To be fair, one wget to cachefly doesn't represent a fraction of the actual network, and the E5 is a significantly newer processor than the X series Xeon that DotVPS has.


----------



## drmike (Mar 4, 2014)

Meh, two more Mc-OpenVZ offers...   With oversell opportunity about to be realized...  Have to maximize profits...

Disk speed looks good on both.  Slews of drives and hardware RAID does that.

I'd like to see some extended use numbers and CPU performance.

I'm not a mathematician, but then again neither are those exploiting OpenVZ    $7 for 4GB of RAM...   Even if oh, a 384GB server = 96 1-1 RAM to sold RAM plans....  

96 x 3 ratio for oversell = 288 

288 x 7 = $2016

Looks like good coin but a 384GB RAM server isn't cheap.   If using less RAM.. well numbers drop to... ahhh

192GB / 4GB = 48 acccounts

48 x 3 ratio for oversell = 144

144 x $7 = $1008....

So....  144 - 288 accounts... $1-2k income pre all costs...   

Guess I could price these servers with 12 drives and come close to figuring out the riddle.

Clearly DotVPS model on the older hardware is superior business wise where able to buy gear and own. 

I remain frightened by the many workloads being packed into either server... With newer gear, encouraging folks to get more wild in loading as notably the CPUs are more capable of abuse.


----------



## Tracid (Mar 5, 2014)

@manacit: both disk & network tests were ran 10 times and I've selected the most average result.


----------



## Tracid (Mar 9, 2014)

*DotVPS update:*

DotVPS have upgraded their servers and are now using Dual E5-2630(v2) CPU's.

They've been experiencing some problems caused by faulty hardware, that's the reason why users were migrated to an older node (like the one I've ran the tests on) to prevent service interruption.

This puts DotVPS on step ahead INIZ.

But, as an extra bonus for being temporarily migrated to an "older" server, users got 1 month of free credit.

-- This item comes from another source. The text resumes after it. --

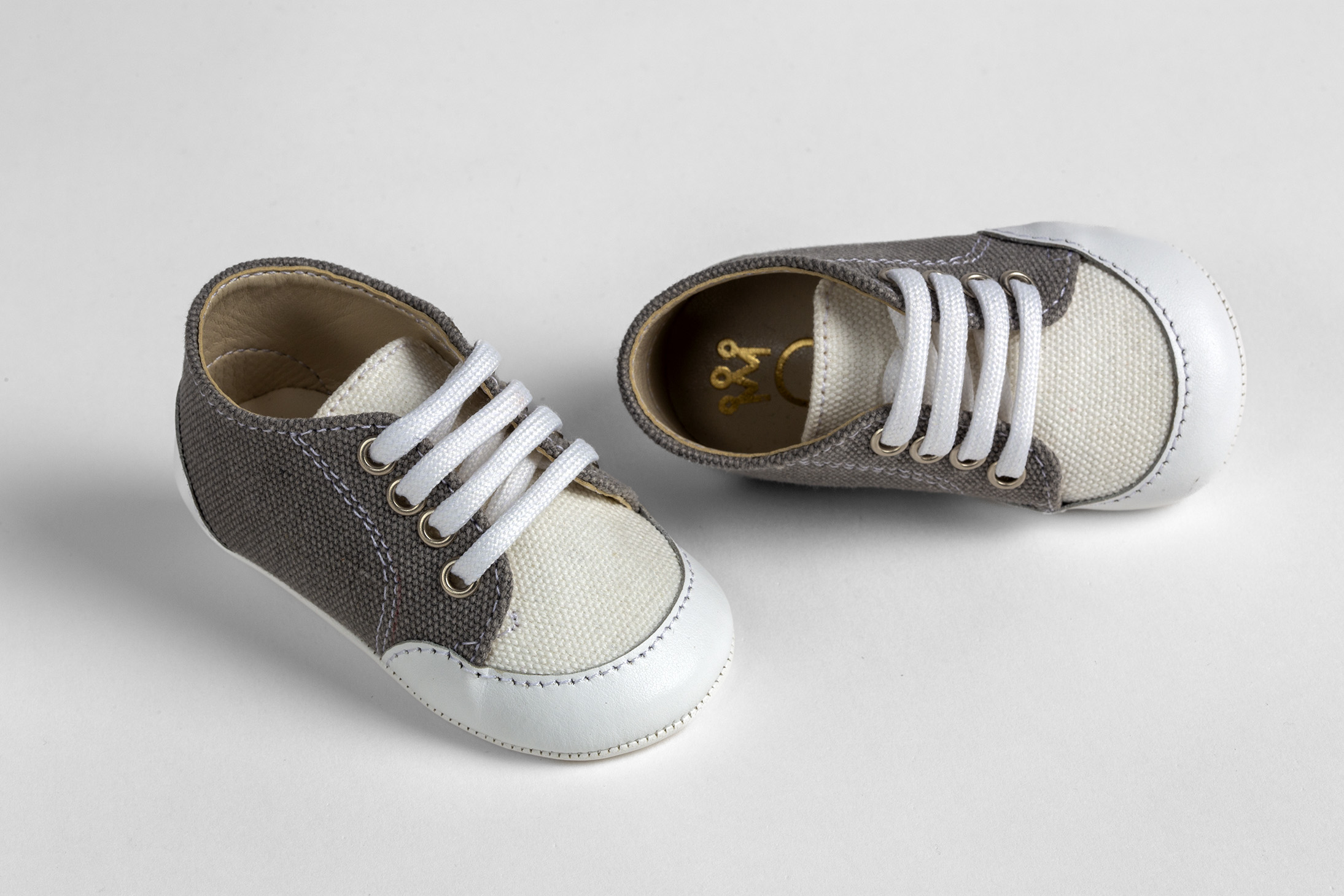 Παπουτσάκι αγκαλιάς σε λευκό δέρμα, γκρι και λευκό ύφασμα. Νούμερα 16-19.

A huge +1 for client appreciation!


----------



## Tracid (Mar 17, 2014)

*DotVPS update:*



> We are experiencing DDoS attacks on all of our IP subnets in the UK location. They are all nullrouted by the datacenter for now. There is no ETA to get everything back online for now.

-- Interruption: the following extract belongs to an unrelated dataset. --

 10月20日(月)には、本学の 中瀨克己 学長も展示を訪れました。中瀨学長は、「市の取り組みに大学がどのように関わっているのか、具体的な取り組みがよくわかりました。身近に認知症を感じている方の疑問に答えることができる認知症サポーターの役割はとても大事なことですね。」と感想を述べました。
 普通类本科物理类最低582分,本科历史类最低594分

...since over 3 days already. 

I guess it's the datacenter to blame, and not the VPS provider.


----------



## serverian (Mar 17, 2014)

Tracid said:


> *DotVPS update:*
> 
> 
> ...since over 3 days already.
> ...


Please open a ticket to get updates.


----------



## Tracid (May 17, 2014)

*Update:*

I am still very happy with both providers.

@Patrick of INIZ is providing great support.

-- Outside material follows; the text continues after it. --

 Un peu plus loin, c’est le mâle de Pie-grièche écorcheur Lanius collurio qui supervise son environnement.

DotVPS is now undergoing a transition, it's becoming Virtora. Even though @Jack left, Oktay a.k.a. @serverian still provides great support.

To be honest, I don't need two of these services, but I can't decide which one to give up. If things will still go so smooth, I'll keep both for the upcoming years.


----------



## Tracid (Aug 15, 2014)

*Update:*

Virtora is still offering the same great service as DotVPS did.

INIZ has upgraded the hardware to E5-2650v2 CPUs with a really short downtime.


----------



## willie (Aug 16, 2014)

I don't see the point of these ridiculous oversold plans.  You can't use them like a dedi.  There's nothing like kicking off an 8-hour multicore 100% cpu task at bedtime, checking the results the next morning and seeing that they look good but misformatted, and instead of spending 15 minutes massaging the output into the right shape by hand, you spend 2 seconds fixing the script and then launch the whole 8 hour cpu-intensive task _again_ before you leave for work.  You'll get thrown off of any budget VPS host for doing that, but with a dedi it's no sweat at all.   Or try running a low traffic Redis database on that 4gb VPS.  Not much CPU needed, but there will be a big speed hit if the data gets swapped out of real ram, which is sure to happen with the VPS.  If you really need a 4GB plan and if a kimsufi dedi fills your requirements, get the dedi.  Main thing missing from them are range of locations, and RAID storage.


----------